Historische vereniging Bunscote

55 Van het bestuur C.A. Nelemans
56 Jan Koelewijn Dzn. 1906 -1989 K. Kok
59 Lid van Excelsior
66 Van wee is tat d’r één...? W. van Twillert
70 Vis venten in vroeger eeuwen K. Kok
73 Misdaad in de Middeleeuwen
75 Een plaatje met een praatje W. Beekhuis
82 Een jammerlijk besluit K. Kok
87 Arian van Diermen vertelde over hobby en familie op ledenvergadering A. ter Beek
90 De geslachten Ter Haar Redactie
90 Rectificatie

Van het bestuur

Voor u ligt een themanummer. Over het leven en werk van één van de ereleden van  de historische vereniging: de heer J. Koelewijn Dzn. Het is 2 juni a.s. honderd jaar geleden dat deze dorpsgenoot werd geboren.

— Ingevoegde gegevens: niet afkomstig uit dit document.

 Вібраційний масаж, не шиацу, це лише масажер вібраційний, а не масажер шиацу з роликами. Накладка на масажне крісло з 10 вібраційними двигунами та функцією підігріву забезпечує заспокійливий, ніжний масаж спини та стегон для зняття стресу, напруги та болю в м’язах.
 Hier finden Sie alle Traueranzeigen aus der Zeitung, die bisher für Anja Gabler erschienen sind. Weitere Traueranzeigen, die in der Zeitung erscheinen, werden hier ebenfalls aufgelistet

Een feit om bij stil te staan. Waarom? Omdat Koelewijn op historisch gebied
zeer veel heeft betekend voor onze dorpen. Daarom leek het de redactie een goed idee een themanummer te besteden aan deze bekende  persoonlijkheid. Een gedachte waar het bestuur van harte achter staat.

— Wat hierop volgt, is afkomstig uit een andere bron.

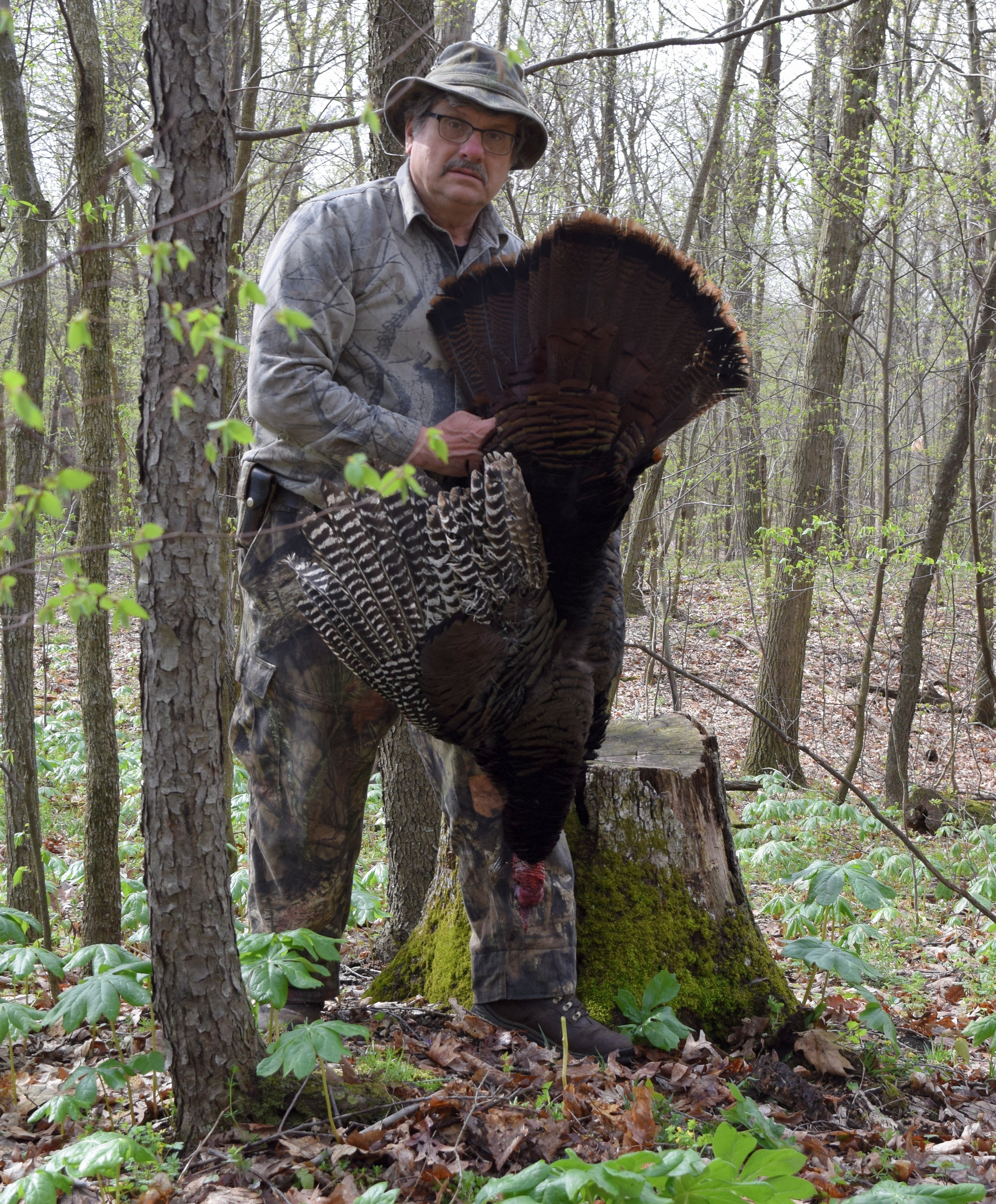 The temperatures were climbing by this time and I knew the grass needed mowed. I came out of the small woodlot and called as I began descending the hill. I still called occasionally. Suddenly, there he was! Too late now. Why did this gobbler gobble from across a hollow approximately a half mile across and shut up once I arrived? I’ll never know.

Klaas Kok beschrijft in het kort de levensloop van Koelewijn. Een leven in dienst van de samenleving en vooral van het onderwijs. Een  veelbewogen leven ook, in aanmerking genomen de gebeurtenissen in de Tweede Wereldoorlog.
Klaas Kok is ook verantwoordelijk voor de bewerking van het merendeel van de artikelen in dit nummer, ooit geschreven door J. Koelewijn in de  Bunschoter en andere nieuwsorganen. Op voortreffelijke wijze heeft hij deze voor Bun Historiael ’persklaar’ gemaakt en van de nodige inleidingen
voorzien.
Dat Koelewijn een brede belangstelling had voor de geschiedenis in algemene zin blijkt duidelijk uit een drietal artikelen die hij in 1979 schreef over de misdaad in de Middeleeuwen. Iets hiervan wordt u in dit nummer voorgeschoteld.
Maar vooral de plaatselijke historie droeg Koelewijn een warm hart toe. De vele publicaties getuigen hiervan. Een mooi voorbeeld zijn de prachtige verhalen die hij schreef over de Nederlandse Hervormde kerk in Bunschoten. Hij vertelt dan over de naam van de kerk, over het onderhoud en over de ingrijpende verbouwing die het pand moest ondergaan.
Na de lagere school moest Koelewijn als zovelen gaan werken in de vis. Hij moest op pad als visventer. Dat duurde echter niet lang. Maar deze korte periode heeft wel zoveel indruk op hem gemaakt dat hij het niet kon laten te gaan schrijven over de vishandel in de 16de eeuw. U leest het in
dit themanummer.
Een andere pennenvrucht van hem gaat over zijn lidmaatschap van de muziekvereniging. Een leuke herinnering hieraan heeft hij helemaal in dialect opgetekend in het jubileumblad dat ter gelegenheid van het 70-jarige bestaan van Excelsior werd uitgegeven.
Een interessant verhaal van J. Koelewijn, destijds geplaatst in de Bunschoter onder de titel ’Geschil pontveer Haventje’, wordt ingeleid door Willem Beekhuis. Het geeft een aardige indruk van een stukje geschiedenis over de pont en de pontbazen.

 Terecht heeft de toenmalige voorzitter van de historische vereniging, de heer Teun Sleurink, bij het overlijden van de heer Koelewijn deze geprezen als ’een pionier in het geschiedenisonderzoek in onze dorpen’. Verder merkte hij op: ’Koelewijn is gaan speuren in de archieven en boeken om zo iets van de geschiedenis van onze dorpen aan ons door te geven. Zijn standpunt was: publiceren, want dan blijft het bewaard.’

We zijn er van overtuigd dat u dit gevarieerde nummer met plezier ter hand zult nemen.